JR小高駅は、本数は少ないが再開していた。

6月末までに申請した方は、家屋の解体を政府が負担する、ということで古い家屋が少なくなり、新築のお宅もよく目にした。

・今回した、草刈り・家屋に残っているものの処分などの依頼は多い。3ヶ月待ちの状態。

・避難が解除されて戻った方は、2割程度? 喜んで戻った方はどれくらいだろう? 年齢層は?

・避難を解除させた政府の思惑は? 保証金の打ち切りと抱き合わせになってないか?

・事故後、5年5ヶ月の間に、避難先で生活が出来上がった人たちは、また南相馬に戻って生活を築き上げる気にはなりにくい。仕事・学校・医療・買い物・地域のコミュニティ・・・先行きを考える。除染したら戻れる、というものではない。

・福島⇨南相馬の高速バスで見る、飯館村の除染の様子。いくらお金を使い人力を投入しても、とても除染しきれるわけではない。広大な範囲に放射能が飛散し蓄積している。
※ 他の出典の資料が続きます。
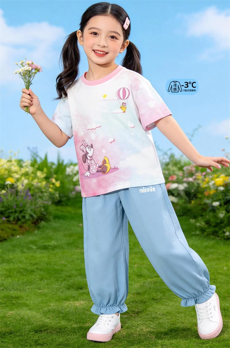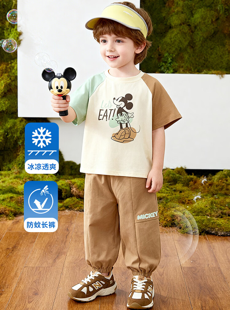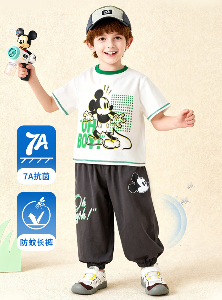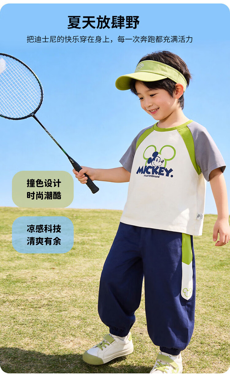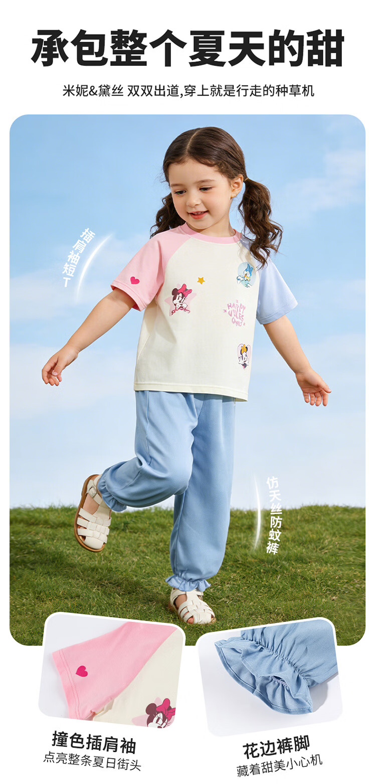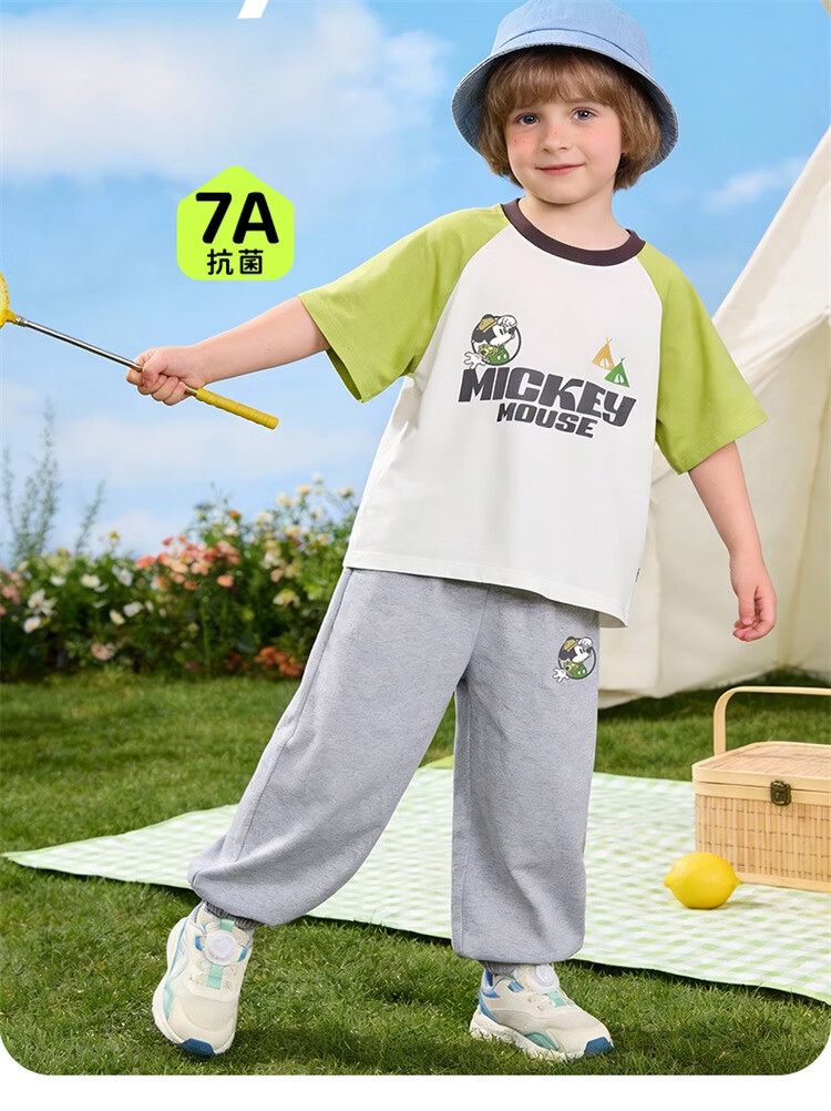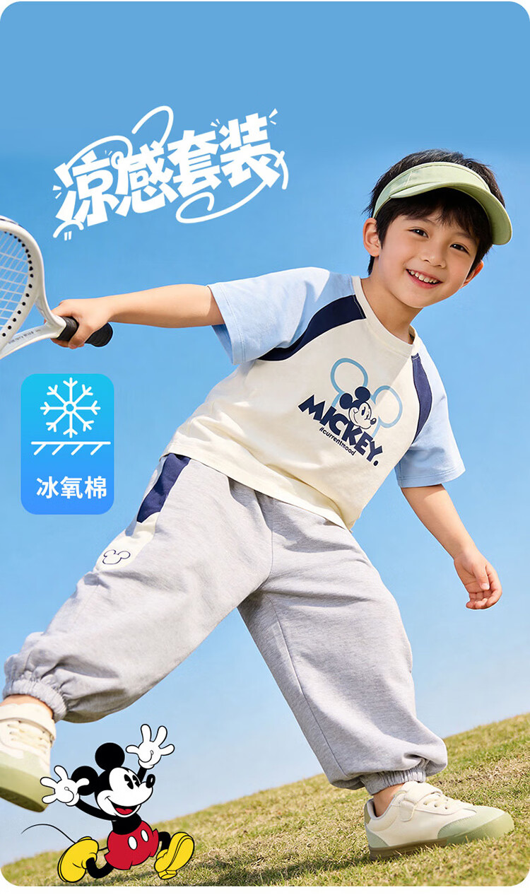 迪士尼儿童舒适凉感休闲短袖长裤套装夏季新款男女童甜美潮流运动套装 碳灰插肩袖套装 100 (建议2-3岁身高90-100cm)

・飯館村も来年3月に避難指示が解除されることに・・。でも戻って仕事があるのか? 農作業・家畜では成り立たない。生計が成り立たないところに戻れるのか? 

NHKの夜7時のニュースの直前、天気予報に続いて放射線測定値・海水放射能観測データが放送されている。福島県以外でこのことを知っている人は少ないだろう。日々の生活に放射能は切り離せてはいない。重い傷跡を今も残している。